Retype the material that follows exactly, limited to the lines from the one with "以上香煙價格相關(guān)" through the one with "最近,一個(gè)呆萌的機(jī)器人在", and keep out all pictures.
(Data for review)
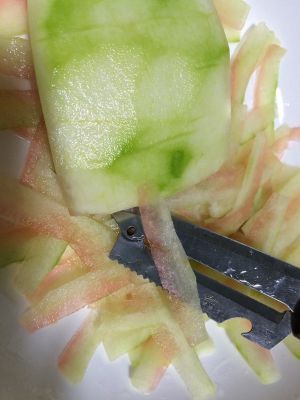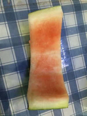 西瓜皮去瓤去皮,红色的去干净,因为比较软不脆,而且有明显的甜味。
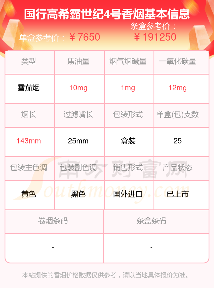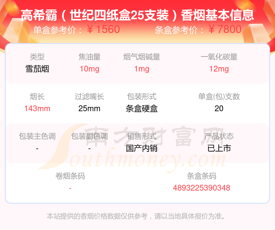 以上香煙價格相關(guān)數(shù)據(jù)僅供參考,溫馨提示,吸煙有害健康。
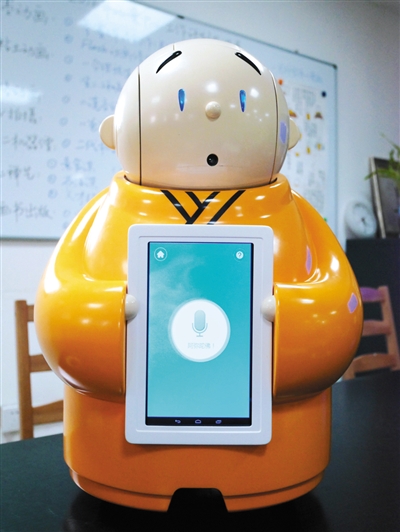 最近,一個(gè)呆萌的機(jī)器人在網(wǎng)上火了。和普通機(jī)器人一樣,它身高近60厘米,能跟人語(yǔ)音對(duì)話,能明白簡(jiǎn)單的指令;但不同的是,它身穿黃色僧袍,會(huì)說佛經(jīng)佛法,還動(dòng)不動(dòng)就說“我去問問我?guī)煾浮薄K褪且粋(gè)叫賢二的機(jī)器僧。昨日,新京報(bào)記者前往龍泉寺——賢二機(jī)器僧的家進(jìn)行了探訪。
(End Data for review)
(Data for review)
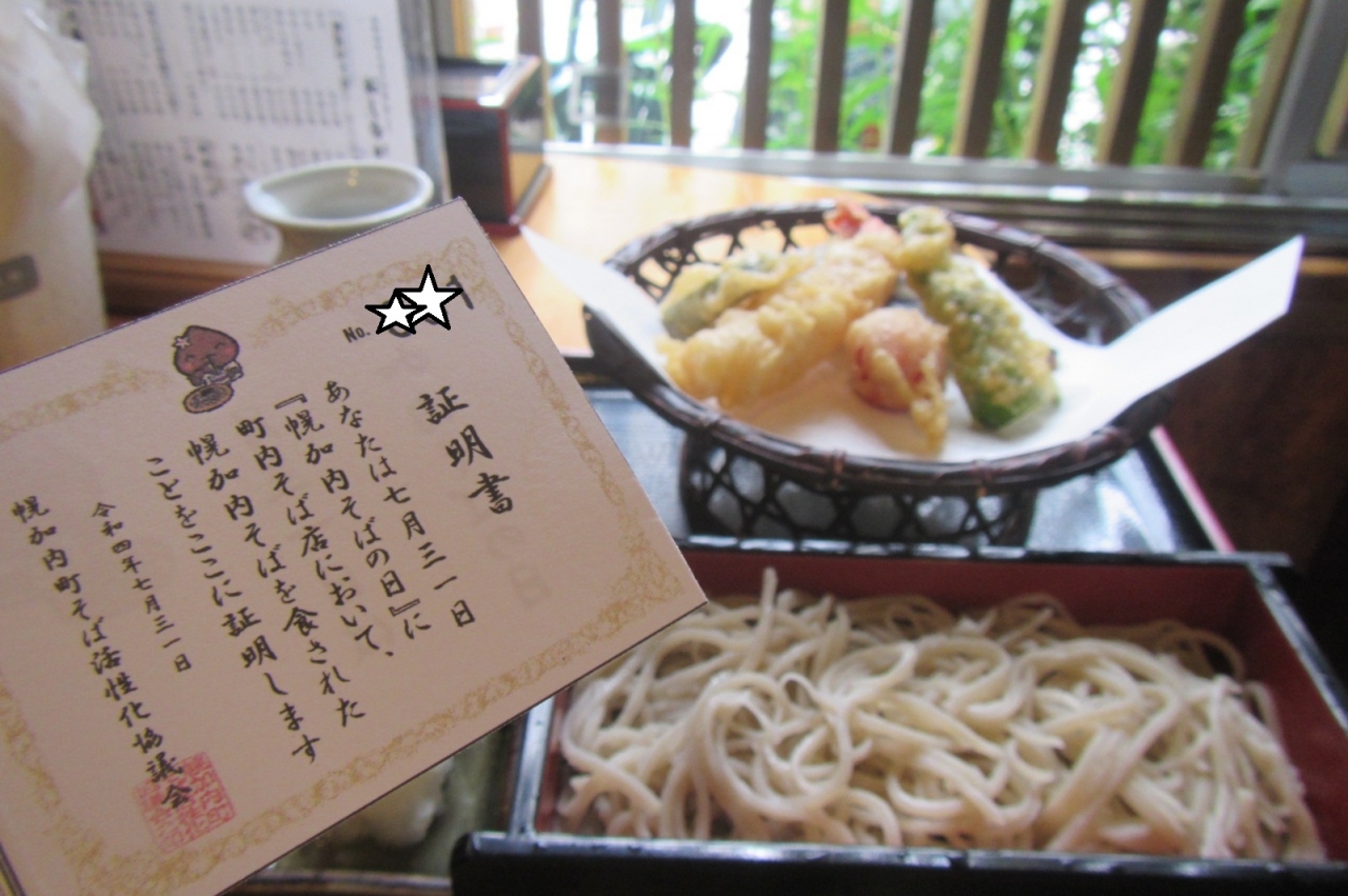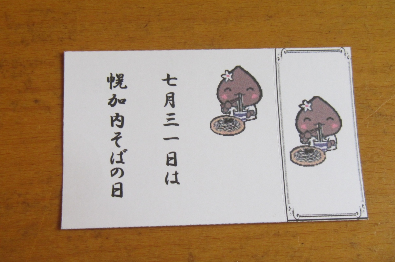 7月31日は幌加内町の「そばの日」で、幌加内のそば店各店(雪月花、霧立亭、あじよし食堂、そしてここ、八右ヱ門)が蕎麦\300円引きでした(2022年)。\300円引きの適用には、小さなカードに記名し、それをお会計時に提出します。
(End Data for review)
■ Output below
 以上香煙價格相關(guān)數(shù)據(jù)僅供參考,溫馨提示,吸煙有害健康。
 最近,一個(gè)呆萌的機(jī)器人在網(wǎng)上火了。和普通機(jī)器人一樣,它身高近60厘米,能跟人語(yǔ)音對(duì)話,能明白簡(jiǎn)單的指令;但不同的是,它身穿黃色僧袍,會(huì)說佛經(jīng)佛法,還動(dòng)不動(dòng)就說“我去問問我?guī)煾浮薄K褪且粋(gè)叫賢二的機(jī)器僧。昨日,新京報(bào)記者前往龍泉寺——賢二機(jī)器僧的家進(jìn)行了探訪。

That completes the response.